We had exclusive access to the entire process of IVAW planning for and making this event happen, along with all of the struggles people went through – political, emotional, psychological. The series takes viewers to places they cannot go by just watching the testimony, which in itself is incredibly powerful. It takes you into lives that have been forever changed by the past six years of war. To truly understand the occupations of Iraq and Afghanistan you need to hear what these soldiers have to say.

Q – Since the hearings, the country has gone from the leadership of President Bush to the new leadership of President Obama. Doesn’t that mean that a lot of the soldiers’ concerns will be taken care of? Isn’t this the dawn of a new, and potentially, better day as far as US policy regarding war?

Where’s the debate? Are we watching passively while Barack Obama carries out the same policies of George W. Bush?

When an American bombing raid this May killed over two hundred civilians in a village in Afghanistan, it was met with a deafening silence. When Obama’s promised “withdrawal” from Iraq leaves 130,000 troops there for at least two more years and 50,000 permanently, it’s hailed as an end to the occupation. And who is demanding to know just what the mission really is when 30,000 more troops are sent to Afghanistan? Whatever your opinion may be; we think that everyone in this country deserves a full debate about these policies.

Q – Many people would agree, at this point, that the war/occupation in Iraq was a mistake.  But isn’t it a different situation with Afghanistan?

What is explored and confronted at the Winter Soldier hearings and in this series are the policies behind both of these occupations. Are they really different? And as Geoff Millard says in the film, what does it mean to “win” an occupation?

Q – Who gave the money to make the movie? Is this a collaborative effort?

The film was shot with the support of many people who had supported and were influenced by “Sir! No Sir!” Locker Associates played a key role in financing the filming, and we received thousands of dollars from individual contributions.
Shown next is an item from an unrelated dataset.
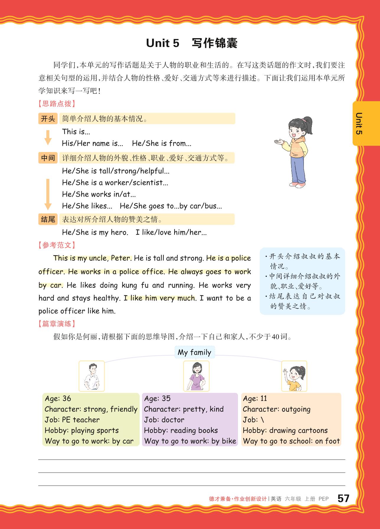 2024秋上册六年级英语人教PEP版(三起始) Unit 5 写作锦囊

The web series is supported by the Fledgling Fund, which supports films and outreach efforts that aim at confronting the pressing social issues of this country.

Q – Why did the filmmakers decide to show this movie in “webisodes” only on the internet rather than to show it in the traditional way – at movie theaters?
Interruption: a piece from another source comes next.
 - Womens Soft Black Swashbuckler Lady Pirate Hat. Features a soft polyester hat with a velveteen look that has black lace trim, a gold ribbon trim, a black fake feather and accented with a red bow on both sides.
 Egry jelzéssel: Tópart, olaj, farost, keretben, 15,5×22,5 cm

The web is the most immediate and interactive of all forms of media today. We want the series to be a living thing, one that people actively engage with while it is being presented – by soldiers and veterans adding their own testimony, by everyone commenting on and debating the episodes.

Q – Why is it important for the American people to hear from soldiers?  Doesn’t the military brass really speak for America’s military?

The soldiers are the ones who are ordered to carry out the policies of the government and military. They are the only ones who are forced to directly confront the realities and consequences of those policies. They are the only ones whose boots are actually on the ground.  We shouldn’t ignore them and their vast experience.

Q – Doesn’t it help our enemies when we talk publicly about our military and what some view as its mistakes and shortcomings?  Won’t this series make it harder for our military to do its job?

The real question is, what is the military’s job, and should it continue? It was recently revealed that all of the U.S. run prisons in Iraq had conditions and policies similar to Abu Ghraib. I remember hearing Camilo Mejia testify about that very fact (he was a guard at one of the prisons) in his 2004 court martial for refusing redeployment to Iraq. Shouldn’t that have been known and publicized at the time?

Q – What do you hope viewers of this movie will come away with?

We hope they’ll have a sense that it is everyone’s responsibility to confront the wars that are being carried out in our name, no matter who is president.